• _Data shown_:
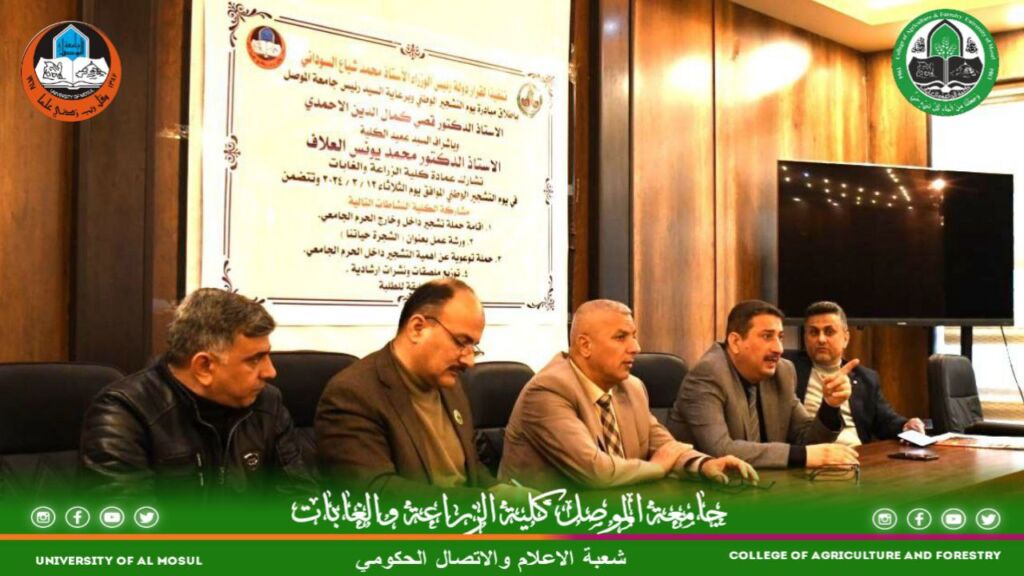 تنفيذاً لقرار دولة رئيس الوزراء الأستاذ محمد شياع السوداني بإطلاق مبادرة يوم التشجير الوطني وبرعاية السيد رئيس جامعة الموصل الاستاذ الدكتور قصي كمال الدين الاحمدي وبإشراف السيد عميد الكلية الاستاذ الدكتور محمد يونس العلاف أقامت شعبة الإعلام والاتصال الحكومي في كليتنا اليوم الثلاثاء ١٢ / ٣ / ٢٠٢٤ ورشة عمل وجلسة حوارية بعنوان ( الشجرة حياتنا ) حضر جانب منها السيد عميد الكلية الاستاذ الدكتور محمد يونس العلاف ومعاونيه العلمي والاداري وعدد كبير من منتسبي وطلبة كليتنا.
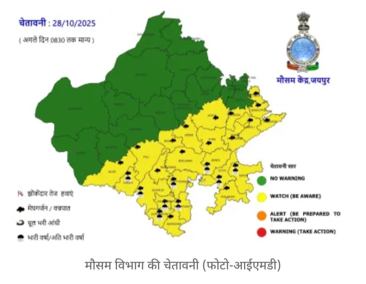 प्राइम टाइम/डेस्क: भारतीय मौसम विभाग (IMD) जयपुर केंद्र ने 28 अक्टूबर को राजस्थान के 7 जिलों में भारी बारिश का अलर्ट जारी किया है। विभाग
==
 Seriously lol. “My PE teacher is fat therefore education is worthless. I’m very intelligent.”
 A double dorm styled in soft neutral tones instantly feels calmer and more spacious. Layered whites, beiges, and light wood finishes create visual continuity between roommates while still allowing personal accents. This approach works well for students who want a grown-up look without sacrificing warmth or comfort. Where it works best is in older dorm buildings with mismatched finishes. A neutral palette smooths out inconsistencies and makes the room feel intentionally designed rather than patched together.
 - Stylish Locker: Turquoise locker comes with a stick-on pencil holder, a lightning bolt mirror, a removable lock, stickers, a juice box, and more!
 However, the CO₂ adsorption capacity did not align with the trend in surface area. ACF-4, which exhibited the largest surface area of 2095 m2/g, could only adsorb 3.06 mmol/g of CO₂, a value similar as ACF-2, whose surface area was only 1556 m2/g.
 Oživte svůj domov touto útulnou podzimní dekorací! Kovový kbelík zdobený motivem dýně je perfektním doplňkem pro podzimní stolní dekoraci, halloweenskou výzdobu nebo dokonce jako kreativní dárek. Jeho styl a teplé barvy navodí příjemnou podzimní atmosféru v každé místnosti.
==
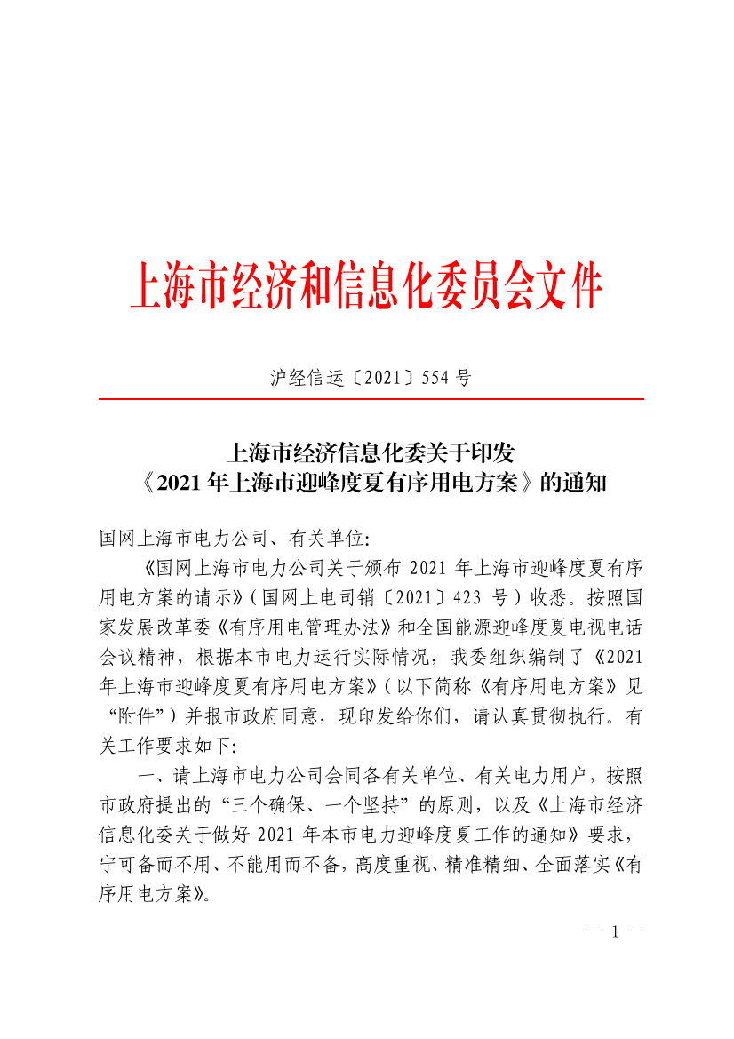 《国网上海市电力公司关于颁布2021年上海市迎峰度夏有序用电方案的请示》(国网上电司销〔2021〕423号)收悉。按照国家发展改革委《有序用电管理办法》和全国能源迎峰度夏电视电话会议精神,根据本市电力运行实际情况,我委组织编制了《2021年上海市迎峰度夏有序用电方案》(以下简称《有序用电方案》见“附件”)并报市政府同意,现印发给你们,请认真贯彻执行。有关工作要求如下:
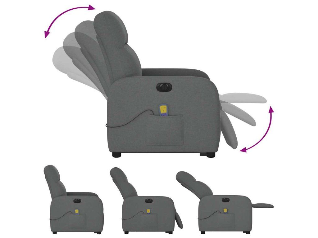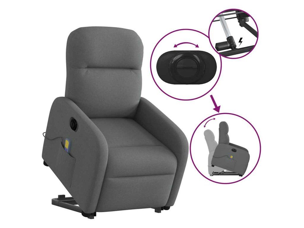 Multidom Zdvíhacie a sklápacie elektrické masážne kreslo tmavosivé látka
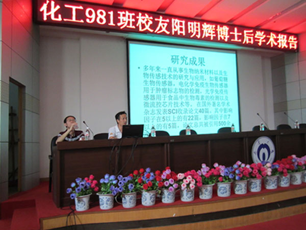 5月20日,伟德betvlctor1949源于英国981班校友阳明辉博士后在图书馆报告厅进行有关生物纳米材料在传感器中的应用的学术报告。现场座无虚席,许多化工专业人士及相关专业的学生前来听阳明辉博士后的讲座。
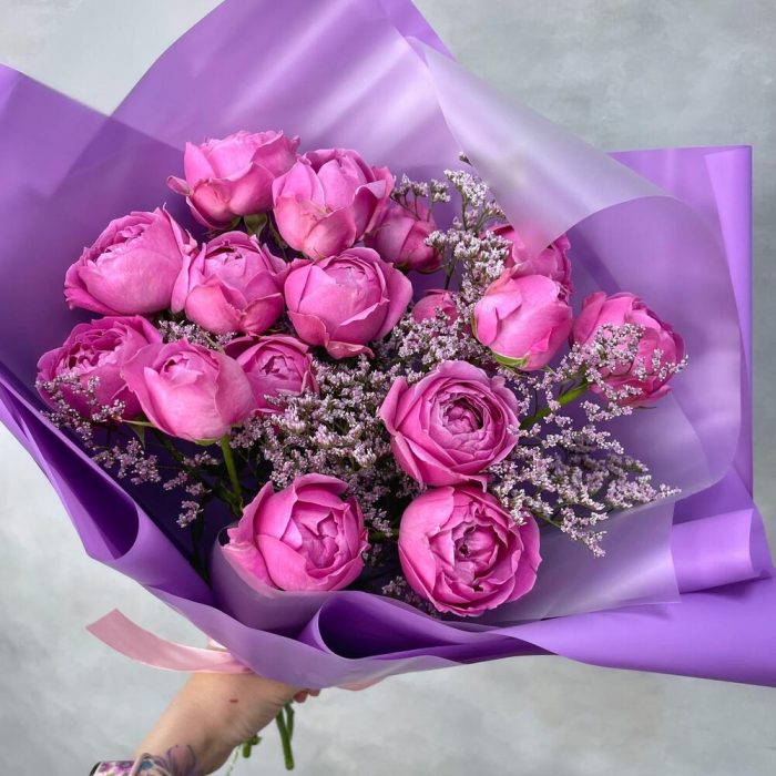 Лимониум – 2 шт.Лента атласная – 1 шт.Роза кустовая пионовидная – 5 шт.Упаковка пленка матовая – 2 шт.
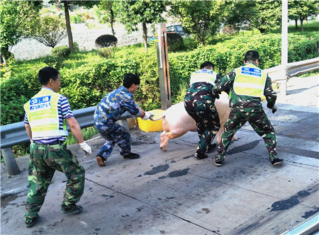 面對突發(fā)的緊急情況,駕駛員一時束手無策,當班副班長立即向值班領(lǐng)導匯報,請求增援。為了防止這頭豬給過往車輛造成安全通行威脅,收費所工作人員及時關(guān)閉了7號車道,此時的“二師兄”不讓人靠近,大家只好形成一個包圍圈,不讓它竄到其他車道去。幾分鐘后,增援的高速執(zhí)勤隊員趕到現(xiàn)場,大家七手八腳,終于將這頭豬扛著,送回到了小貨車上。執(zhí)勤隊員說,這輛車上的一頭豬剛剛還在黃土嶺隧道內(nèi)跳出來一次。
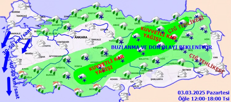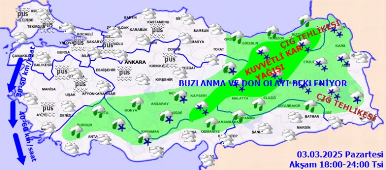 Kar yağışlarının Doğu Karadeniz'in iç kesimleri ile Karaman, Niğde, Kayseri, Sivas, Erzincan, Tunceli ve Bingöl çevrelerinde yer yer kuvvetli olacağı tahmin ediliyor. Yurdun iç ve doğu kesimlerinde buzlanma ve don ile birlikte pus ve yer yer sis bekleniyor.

• _Your assignment_:
Precisely the lines between those holding "However, the CO₂" and "Oživte svůj domov", inclusive, are to be reproduced from the listing above, with nothing added.

• _Response below_:
 However, the CO₂ adsorption capacity did not align with the trend in surface area. ACF-4, which exhibited the largest surface area of 2095 m2/g, could only adsorb 3.06 mmol/g of CO₂, a value similar as ACF-2, whose surface area was only 1556 m2/g.
 Oživte svůj domov touto útulnou podzimní dekorací! Kovový kbelík zdobený motivem dýně je perfektním doplňkem pro podzimní stolní dekoraci, halloweenskou výzdobu nebo dokonce jako kreativní dárek. Jeho styl a teplé barvy navodí příjemnou podzimní atmosféru v každé místnosti.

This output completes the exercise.